> **Exercise aim**
The answer must reproduce exactly the lines from the one with "Natural Freshwater All-Nacre" through the end of the material, and it must contain no pictures.

··· Records to use

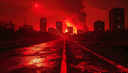 The city burns under a blood-red sky, its silhouette a jagged line against the inferno. Smoke chokes the air as flames consume the urban landscape, reflecting ominously on the wet streets below.
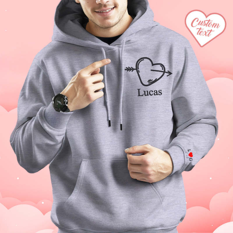 Custom Text Embroidered Hoodie Stylish Heart Key And Lock Set Sweatshirt Valentine Gift For Couples
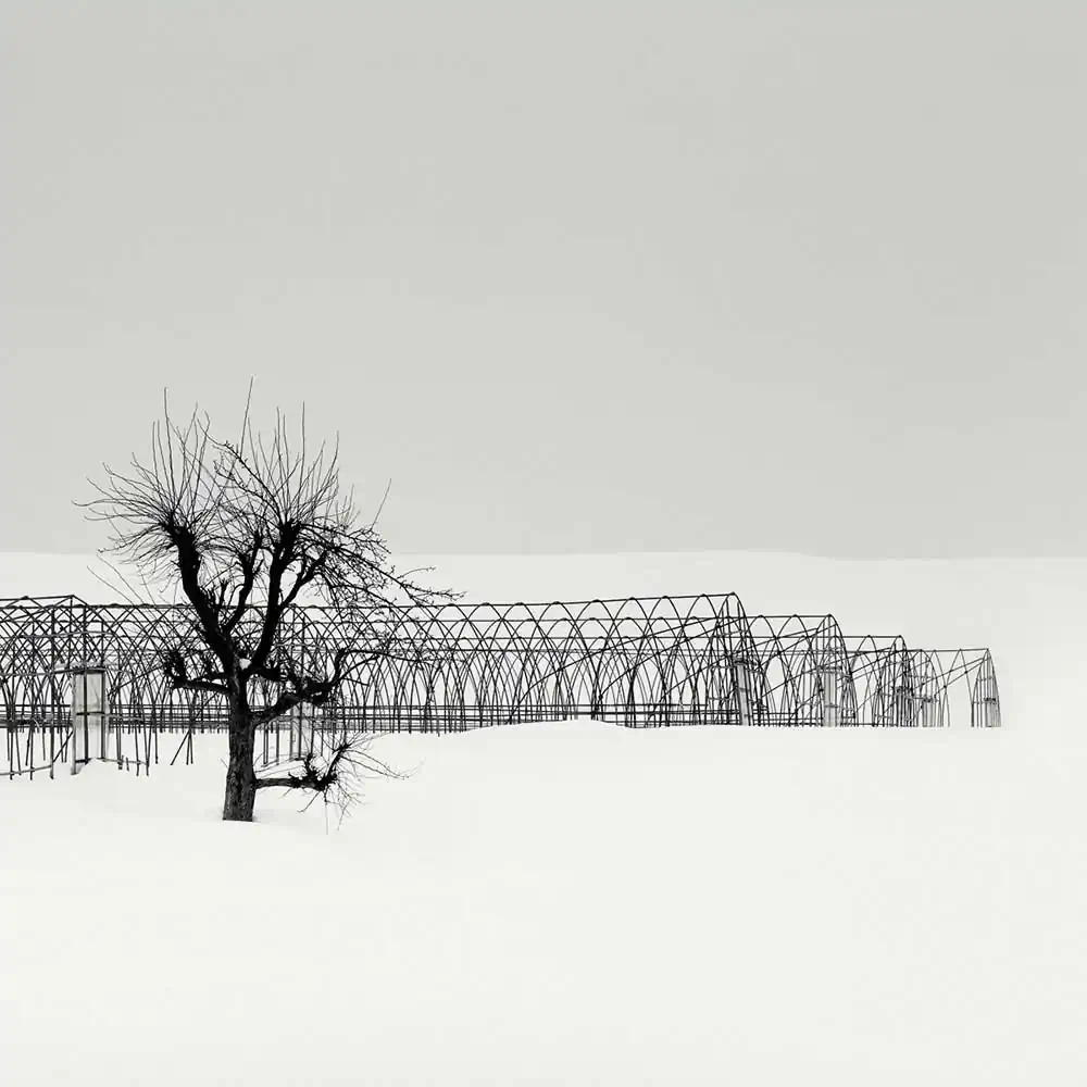 These elements like snow fences, vineyards poles or greenhouses deeply call me to mind for their singular expression in the snowfields and sometimes for their spiritual presence like the gorgeous Torii of Konpira Shrine. The trees and the way they have been organized are also very representative sceneries of the winter in Hokkaido.
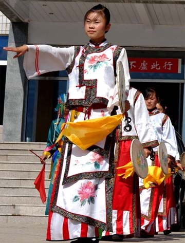 “单鼓”则与汉族巫人进香祭献时所用的鼓相同。单鼓动作可分为:胸前鼓、肩前鼓、腹前鼓、背鼓、护背鼓、托鼓和护头鼓。耍鼓时,又有刷鼓尾、片鼓、翻腕片鼓、耍鼓、抖鼓、托叶、挂鼓、扬鼓、缠头鼓、背鼓几种技巧。腰铃的舞法有转摆腰铃、旋飞腰铃和跪步腰铃等。单鼓动作的特点,左手举鼓、右手持鞭,双脚走类似秧歌步中的“太平步”、“十字步”,也有鼓击碎点、双脚“蹉步”、“骑马蹲裆式”绕场一周的。此外,大“ 踢腿”、大“骗腿”、“飞脚”、“蹦子”也是耍单鼓时常见的动作。
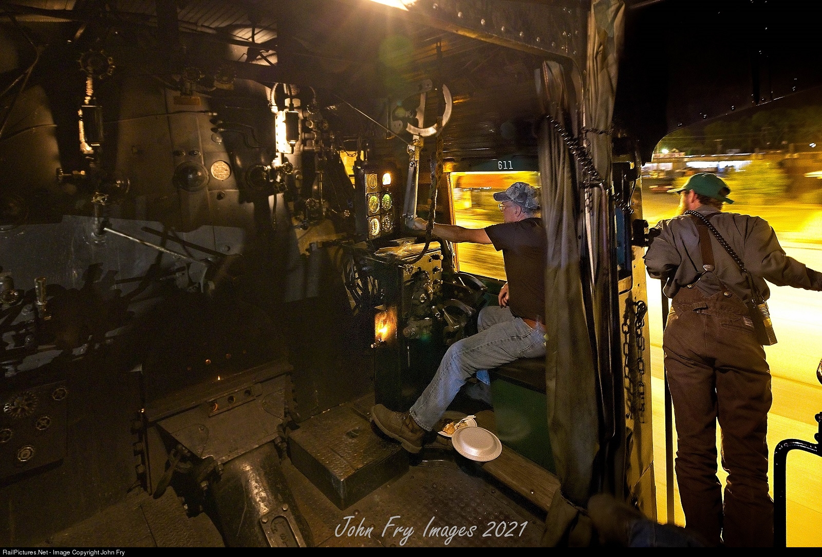 Railroading is about interruptions. Not just having a trip full of green signals being interrupted by a 3 hour wait for an opposing train, or a hot box detector tagging the next to last axle, but interruptions to life. It means leaving a cart full of groceries in the isle because the call came. It means having Christmas morning postponed until you get back home because there was freight to move. In this case, it means dinner will have to sit on the floorboard until the next move is completed. Even for a staged photo event, Engineer Bob Saxtan got about 2 bites of supper in before the call came over the radio to relocate the 611 to the next location on the museum grounds during the night photo shoot at Spencer on May 1, 2021. To the staff and volunteers, many who are or were professional railroaders who are no strangers to how interruptions are just a fact of life on the railroad, worked long days and late nights to prepare for and carry out this event. A big hats off to all of those who came early in the morning, stayed well into the night, and rolled with the interruptions to their plans(and to a full night’s sleep!) to ensure all of the challenges that occurred were overcome to realize a great experience for so many.
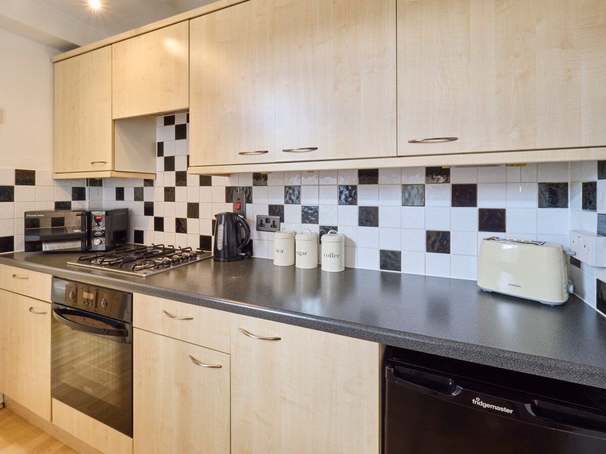 The fully equipped kitchen is located at the rear of the cottage. Traditional in style, it features wooden cabinets and monochrome tiles. You’ll be able to prepare home cooked meals easily as the kitchen includes an oven, hob, microwave, kettle, toaster, coffee machine and fridge. There is also a washing machine perfect for longer stays!
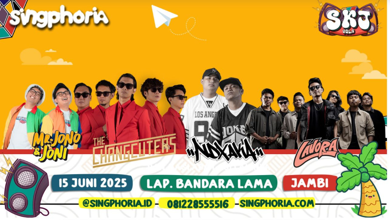 JAMBIUPDATE.CO, JAMBI - Pesta Musik Istimewa Singphoria SKJ (Semua Kangen Jambi) Volume 5 tinggal menghitung hari. Acara ini akan berlangsung di Lapangan Bandara Lama, Jambi pada Minggu, 15 Juni 2025 malam.
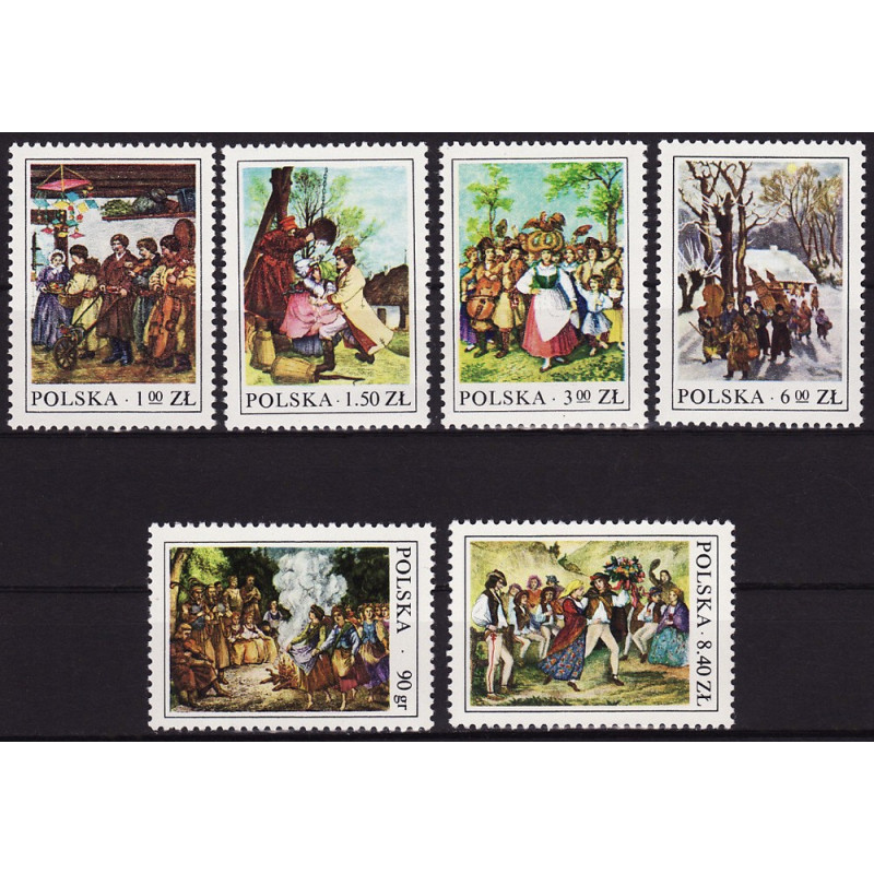 Polskie zwyczaje ludowe. Znaczki czyste bez podlepki.
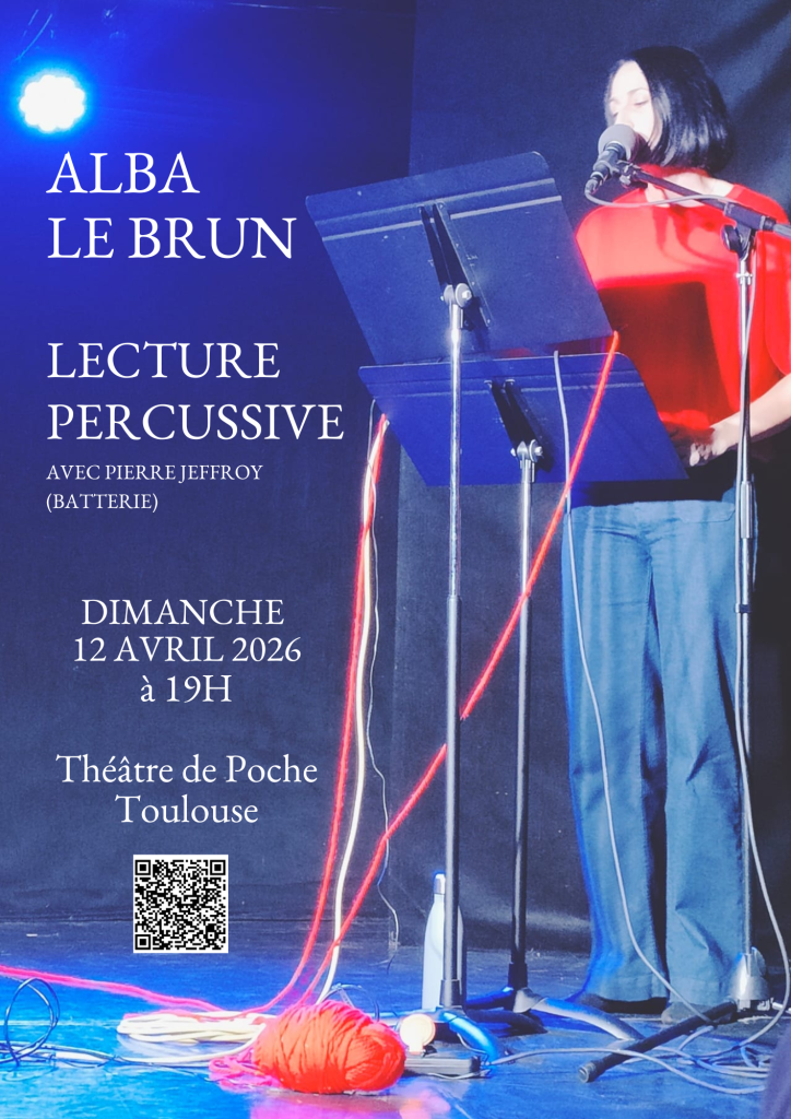 Lecture performance avec Pierre Jeffroy aux percussions et Marine Varlan, interprète LSF pour quelques extraits.
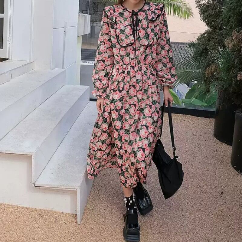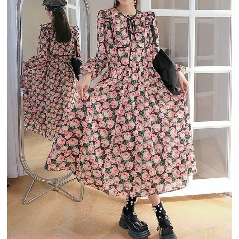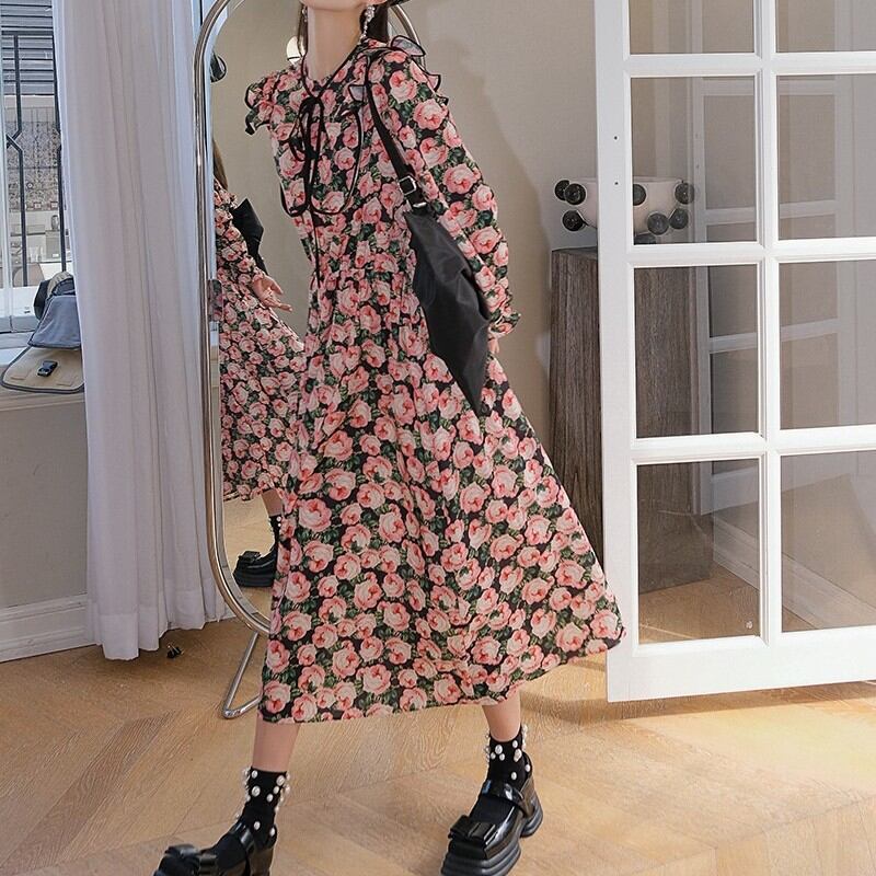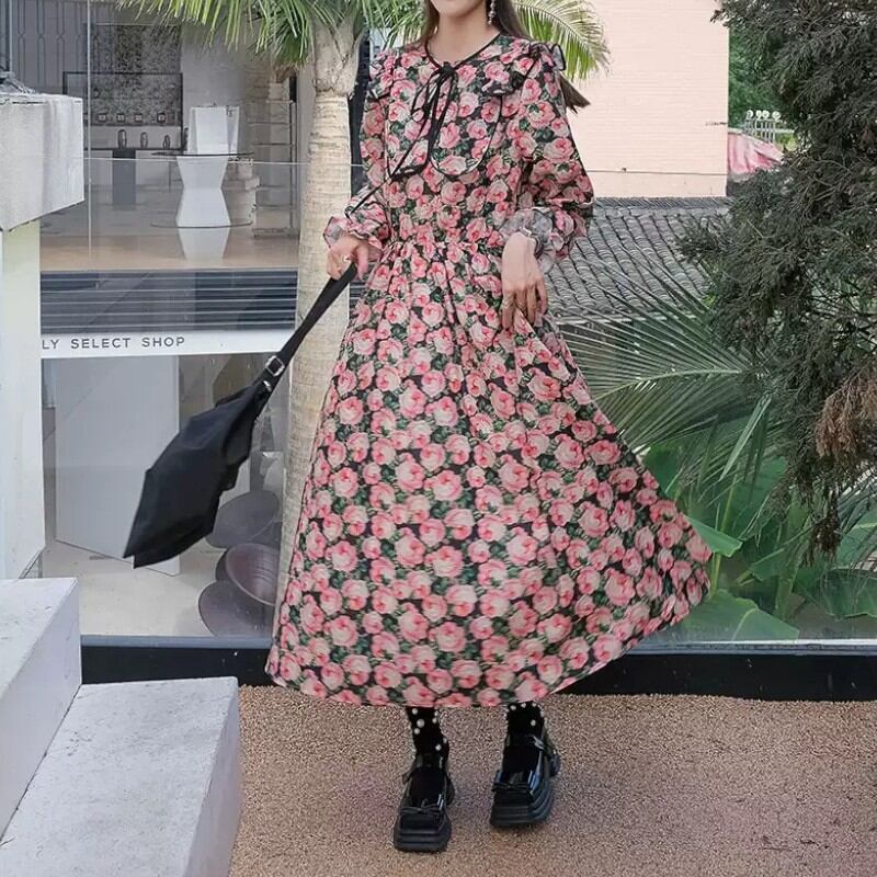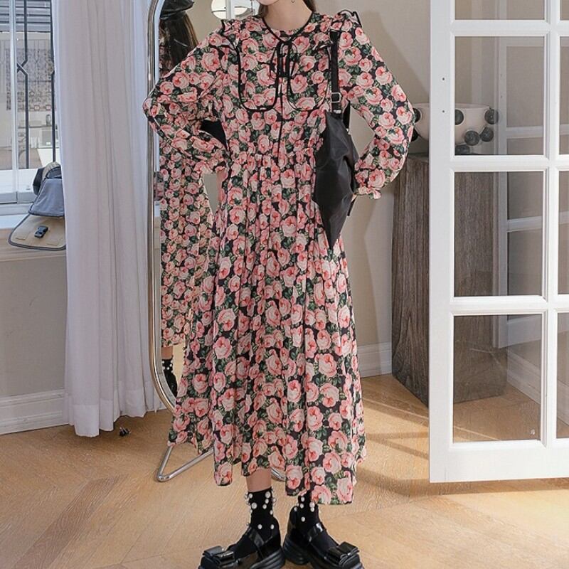ガーリーでもありエレガントでもありピンクローズ柄ワンピース✨
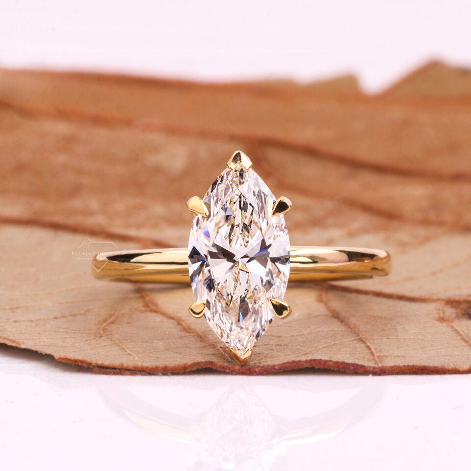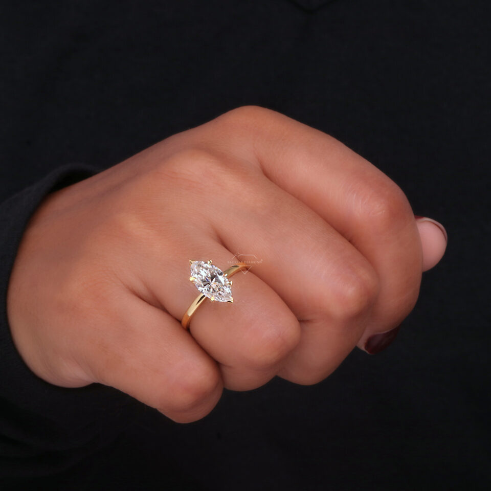 Marquise Cut Solitaire Diamond Engagement Ring with Gold Band
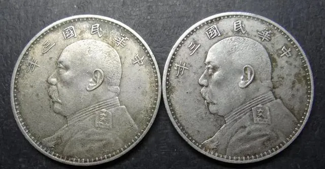 这两枚侧脸头像的就是民国三年袁世凯像壹圆银元,仔细凑近看,头像轮廓硬朗,服装上的袍纹清楚得很,最外头那圈篆体字“中华民国三年”,凑齐了那味道就透出来了,银元一落进手心,厚实分量和圆润边角,小时候总觉得比硬币大不少,偷偷从家里盒子翻出来瞅,怕磕着碰着还要用软布裹着。
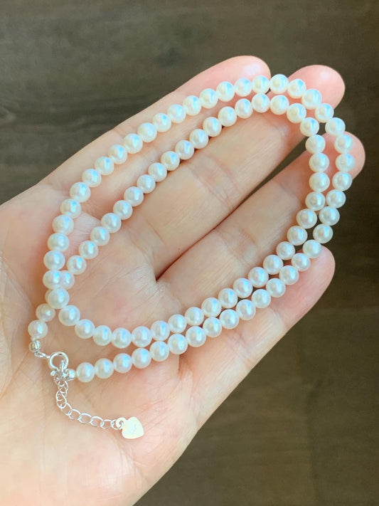 Natural Freshwater All-Nacre Metallica White Mini Round Pearls Beaded Necklace Sterling Silver 4-4.7mm 15.75”-16.5” 10g 天然淡水无核白珍珠项链 MWHZ560B
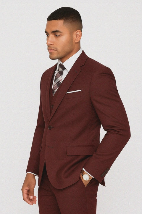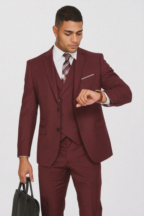 - Make a bold and timeless fashion statement with this Men’s 2-Button Slim Fit Wool Suit with Double Breasted Vest in Burgundy—a masterful blend of classic tailoring and contemporary style. Crafted from premium 100% Super 150's wool, this suit delivers sophistication, comfort, and durability in one refined ensemble, making it the perfect choice for modern men who dress to impress.
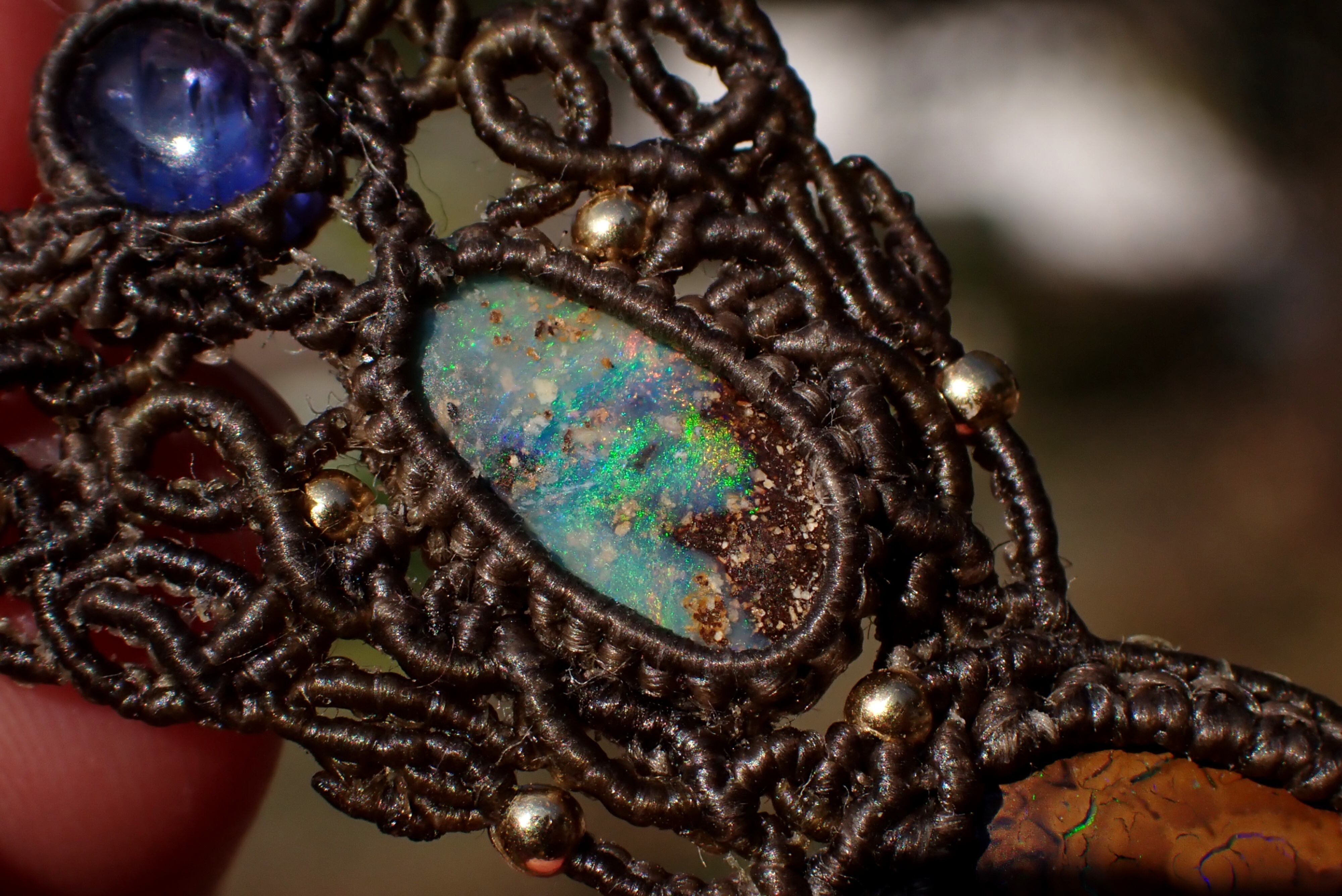 高品質なオーストラリア産ボルダーオパールをふたつ、透明度の高い透き通ったタンザナイトと、その上には宇宙のような神秘的な輝きを持つラブラドライトをふたつ。

······

> **Exercise result**
 Natural Freshwater All-Nacre Metallica White Mini Round Pearls Beaded Necklace Sterling Silver 4-4.7mm 15.75”-16.5” 10g 天然淡水无核白珍珠项链 MWHZ560B
 - Make a bold and timeless fashion statement with this Men’s 2-Button Slim Fit Wool Suit with Double Breasted Vest in Burgundy—a masterful blend of classic tailoring and contemporary style. Crafted from premium 100% Super 150's wool, this suit delivers sophistication, comfort, and durability in one refined ensemble, making it the perfect choice for modern men who dress to impress.
 高品質なオーストラリア産ボルダーオパールをふたつ、透明度の高い透き通ったタンザナイトと、その上には宇宙のような神秘的な輝きを持つラブラドライトをふたつ。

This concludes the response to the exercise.